Wells has shown that questioning a few assumptions can lead to vastly different conclusions. The assumption he questions is that the general framework of the gospel accounts is based in fact. His different conclusion is that the Jesus that Christians know and love is mostly or all a legendary character.
Basically, taking Paul's earliest writings (which predate the gospels), Wells examines the growth of a tradition which added more and more on to the idea of Jesus, which is how myths work.
Scholars have turned their nose up to this theory, citing that Wells is not accepted in scholarly circles and that he is just a German professor, instead of providing some reasons that Wells's inference from the known data CAN'T work.
Read and enjoy. Crossan, eat your heart out.
compelling
Fascinating book. The chapters on synoptic gospel-to-gospel inconsistencies, gospel editing from church fathers with an obvious agenda, and the similarities of the Jesus story to those of pagan gods were particularly compelling. This book convinced me that agnosticism is a very reasonable stance.
A dangerous mistake
The author stresses the silence of Paul and first century documents about the earthly life of Jesus, which is a fact.

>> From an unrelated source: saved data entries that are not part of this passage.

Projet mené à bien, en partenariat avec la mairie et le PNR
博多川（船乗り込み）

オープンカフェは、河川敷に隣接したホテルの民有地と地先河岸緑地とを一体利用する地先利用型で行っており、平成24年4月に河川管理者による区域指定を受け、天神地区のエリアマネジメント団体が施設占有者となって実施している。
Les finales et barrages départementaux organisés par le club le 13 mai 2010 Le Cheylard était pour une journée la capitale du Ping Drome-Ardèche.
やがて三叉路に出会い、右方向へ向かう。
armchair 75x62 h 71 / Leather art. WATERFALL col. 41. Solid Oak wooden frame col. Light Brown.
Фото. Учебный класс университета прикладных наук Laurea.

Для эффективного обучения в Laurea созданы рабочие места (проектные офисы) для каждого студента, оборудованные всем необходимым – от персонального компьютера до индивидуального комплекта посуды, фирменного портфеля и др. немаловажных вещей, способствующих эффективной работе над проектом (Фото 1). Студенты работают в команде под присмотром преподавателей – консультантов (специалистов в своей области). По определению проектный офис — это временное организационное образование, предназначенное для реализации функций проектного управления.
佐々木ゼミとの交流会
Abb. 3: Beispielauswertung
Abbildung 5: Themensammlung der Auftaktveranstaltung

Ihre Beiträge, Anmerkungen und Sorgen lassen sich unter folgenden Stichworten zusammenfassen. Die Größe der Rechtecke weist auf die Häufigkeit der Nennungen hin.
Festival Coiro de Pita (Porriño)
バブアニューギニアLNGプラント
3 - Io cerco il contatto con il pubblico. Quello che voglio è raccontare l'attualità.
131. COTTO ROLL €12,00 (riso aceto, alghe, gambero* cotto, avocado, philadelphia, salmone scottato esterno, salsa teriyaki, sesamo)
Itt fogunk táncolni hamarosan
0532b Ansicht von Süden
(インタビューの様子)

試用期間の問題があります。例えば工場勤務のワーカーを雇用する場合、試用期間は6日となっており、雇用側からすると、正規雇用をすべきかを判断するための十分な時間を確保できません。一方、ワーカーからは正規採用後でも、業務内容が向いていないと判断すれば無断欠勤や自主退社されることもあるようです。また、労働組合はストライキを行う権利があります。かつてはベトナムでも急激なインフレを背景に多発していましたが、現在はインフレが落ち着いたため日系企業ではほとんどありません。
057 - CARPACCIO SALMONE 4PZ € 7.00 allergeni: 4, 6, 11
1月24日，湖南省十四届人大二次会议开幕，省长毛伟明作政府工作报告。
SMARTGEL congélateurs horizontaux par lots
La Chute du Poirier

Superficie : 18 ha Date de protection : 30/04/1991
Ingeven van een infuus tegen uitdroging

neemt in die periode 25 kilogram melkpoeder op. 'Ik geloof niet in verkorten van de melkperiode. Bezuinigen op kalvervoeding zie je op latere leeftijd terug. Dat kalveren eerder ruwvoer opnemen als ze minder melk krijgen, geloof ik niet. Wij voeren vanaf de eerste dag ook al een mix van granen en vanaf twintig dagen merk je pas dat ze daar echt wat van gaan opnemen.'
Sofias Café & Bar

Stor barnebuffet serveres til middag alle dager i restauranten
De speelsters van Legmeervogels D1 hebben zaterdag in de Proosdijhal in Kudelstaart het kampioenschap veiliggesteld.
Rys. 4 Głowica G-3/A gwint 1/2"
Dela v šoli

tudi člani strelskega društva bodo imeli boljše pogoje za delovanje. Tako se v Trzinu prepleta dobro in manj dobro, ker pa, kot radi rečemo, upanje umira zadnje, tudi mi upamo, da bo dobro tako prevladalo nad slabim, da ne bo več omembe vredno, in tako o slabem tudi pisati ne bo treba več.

But when he studies the origin of the gospels he considers its sources to be oral tradition, even if it doesn't come from eye witnesses.
This is a contradiction.
If there was an oral tradition, how could there have been Paul's silence?
The book was written in 1975. Modern scholars forward more consistent explanations.
There was no oral tradition about Jesus. The gospels were written based on the Old Testament, on myths of ancient civilizations and Luke and Mathew on a gospel known as Q (source) collecting hellenizing sayings in circulation and then attributed to Jesus.
I did expect much more from this book.